Rutman Fellow Liliane Weissberg to Give Lecture at UPenn

 
Liliane Weissberg sits outside of the USC history department building.

 
In teaching her course on the Holocaust, Liliane Weissberg imparts one massive idea – survivors survive, but not necessarily intact. Next week, the University of Pennsylvania professor will be giving a talk on this very idea, as well as on her involvement with USC Shoah Foundation, at the Kislak Center in Van Pelt-Dietrich Library at UPenn.

In 2015, Weissberg was awarded the USC Shoah Foundation Rutman Fellowship for Research and Teaching, a summer support fellowship opening up her access to the USC Shoah Foundation Visual History Archive and promoting her use of some of the 54,000 video testimonies of survivors and witnesses of genocide into a new course. The course – Witnessing, Remembering and Writing the Holocaust – premiered at UPenn last spring, and shares the title of her upcoming talk.

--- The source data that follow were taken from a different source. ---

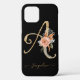 Script Monogram A Black Gold BOHO Pink Floral Leaf Case-Mate iPhone Case
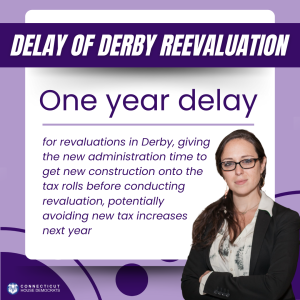 May 9, 2024I have some big news for our district! I and the Derby state delegation, in collaboration with Mayor Joe DiMartino, have been able to secure a one year, state-approved delay for revaluations in Derby, giving the new city administration time to get new construction onto the tax rolls before conducting revaluation.
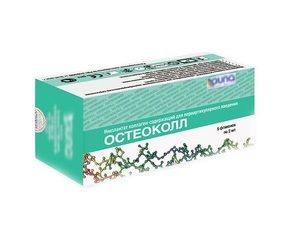 Остеоколл (osteocoll) имплантат коллаген-содержащий для периартикулярного введения — представляет собой чистый бесцветный раствор. Представляет собой имплант коллаген-содержащий для периартикулярного введения, который способствует увеличению объема движений благодаря замедлению процессов деградации хрящевой ткани суставных поверхностей и восстановлению повреждений, возникших в результате: старения, нарушения осанки, сопутствующих хронических заболеваний, ушибов и травм, токсических поражений хрящевой ткани.
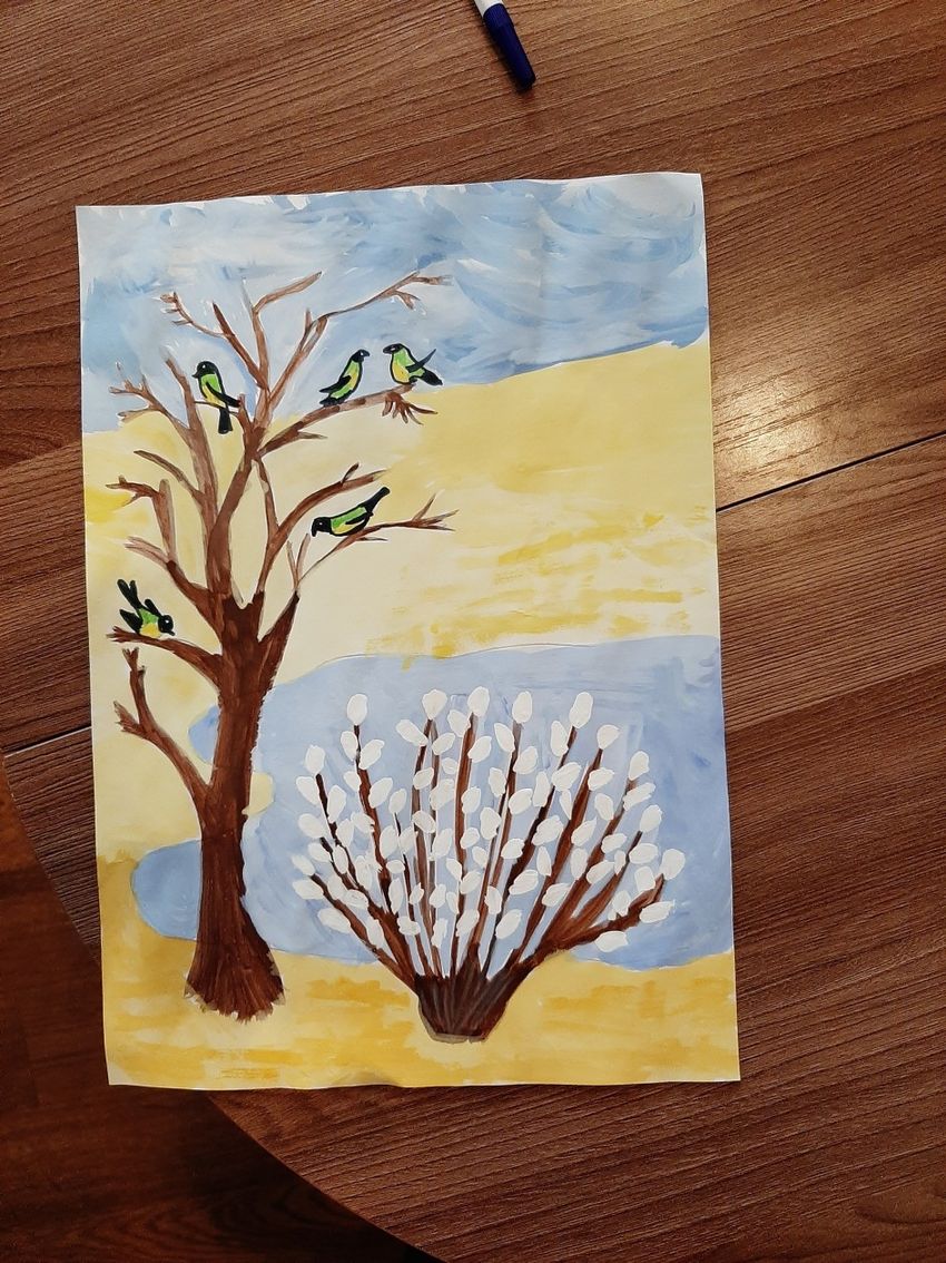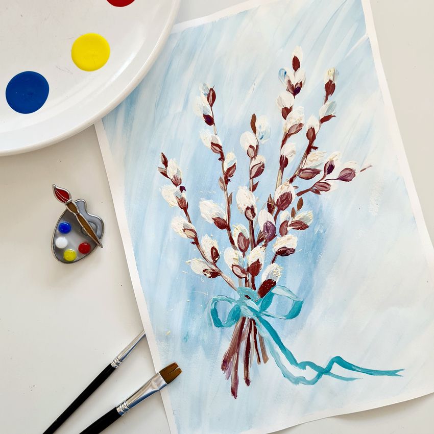 Верба рисунок красками
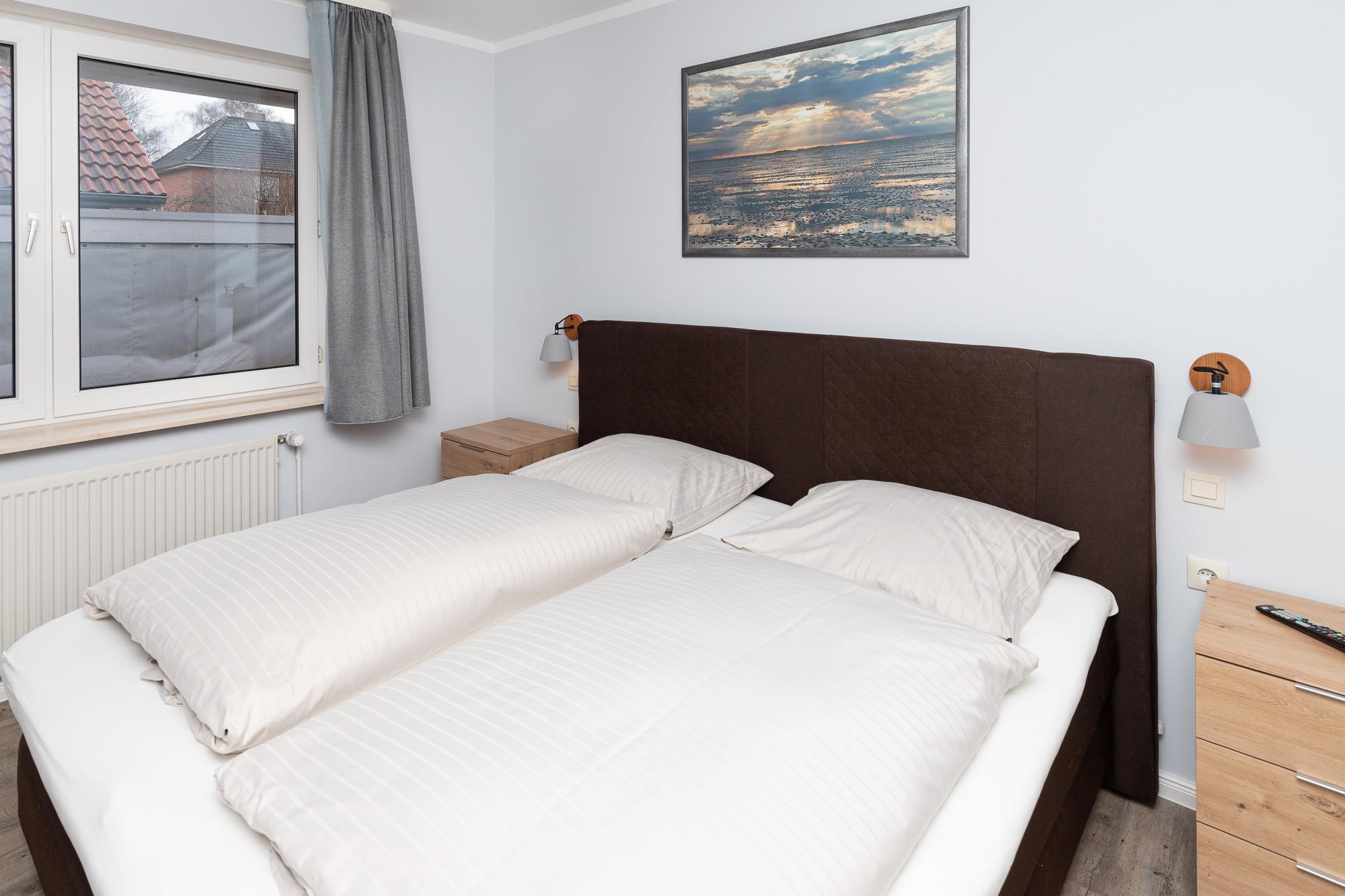 Zwei Schlafbereiche mit komfortablen Doppelbetten bieten erholsame Nächte. Das Badezimmer/WC ist mit Dusche und Fön ausgestattet.
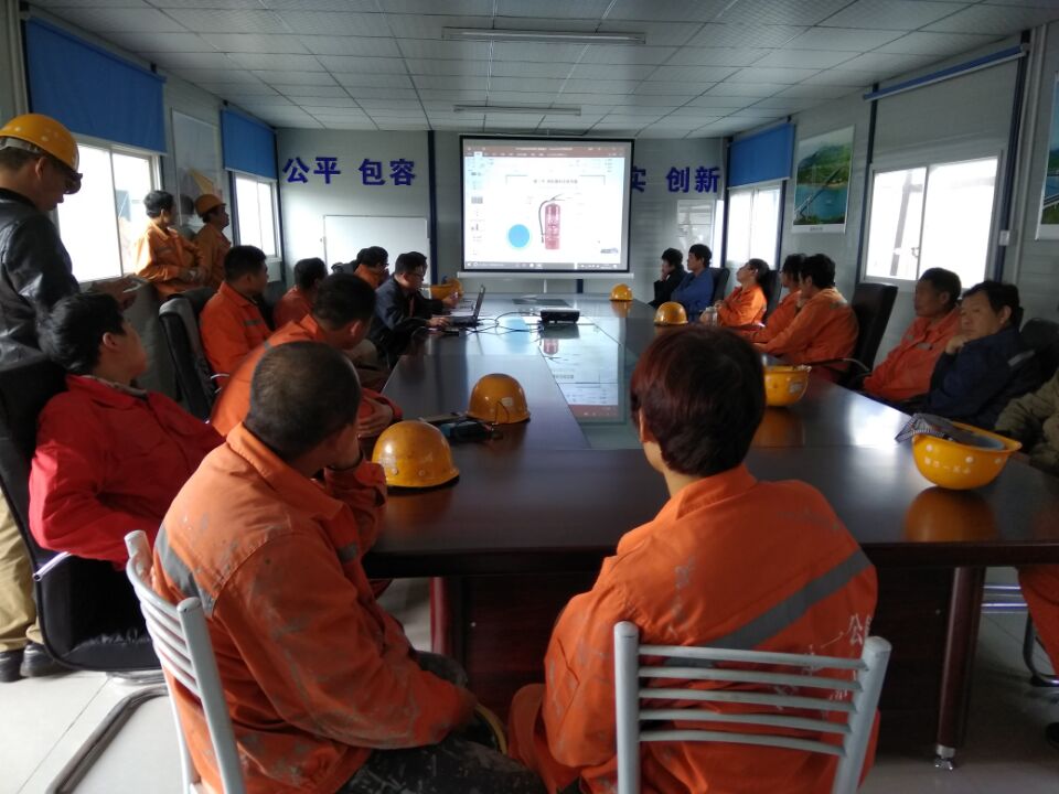 项目安全部同事以PPT演示的方式,详细讲解了消防基本知识及“四懂”内容,指出了容易发生火灾的安全隐患,举例说明了常见消防器材、设备、设施的正确使用方法和及逃生方式等。使全体施工人员対消防知识有了更深的理解和认识。

The Christopher H. Brown Distinguished Professor in the School of Arts & Sciences and Professor of German and Comparative Literature is a prolific essayist, having written on Holocaust memorial sites in Germany, prominent individual leaders throughout the Holocaust; the relationships between trauma and memory; and the German reception of Steven Spielberg’s Schindler’s List. Her fellowship with USC Shoah Foundation made it possible for her to incorporate invaluable testimony in her research and teaching.

Specifically in house at USC’s Leavey Library, Weissberg focused on testimonies as examples of how survivors construct their own narratives in order to give meaning to their live and experiences. In a previous interview with USC Shoah Foundation, Weissberg said watching the testimonies was “something that is center to study for the human experience, and to understand how we remember and write and create.”

Using what she learned through the testimonies during her time at USC Shoah Foundation and through UPenn’s partnership with the Institute – through Penn Libraries, UPenn became the first institution in Pennsylvania to provide access to the Institute’s Visual History Archive – and drawing from her own family’s experiences during the Holocaust, Weissberg will discuss her research at 5:30 p.m. on Tuesday Dec. 6.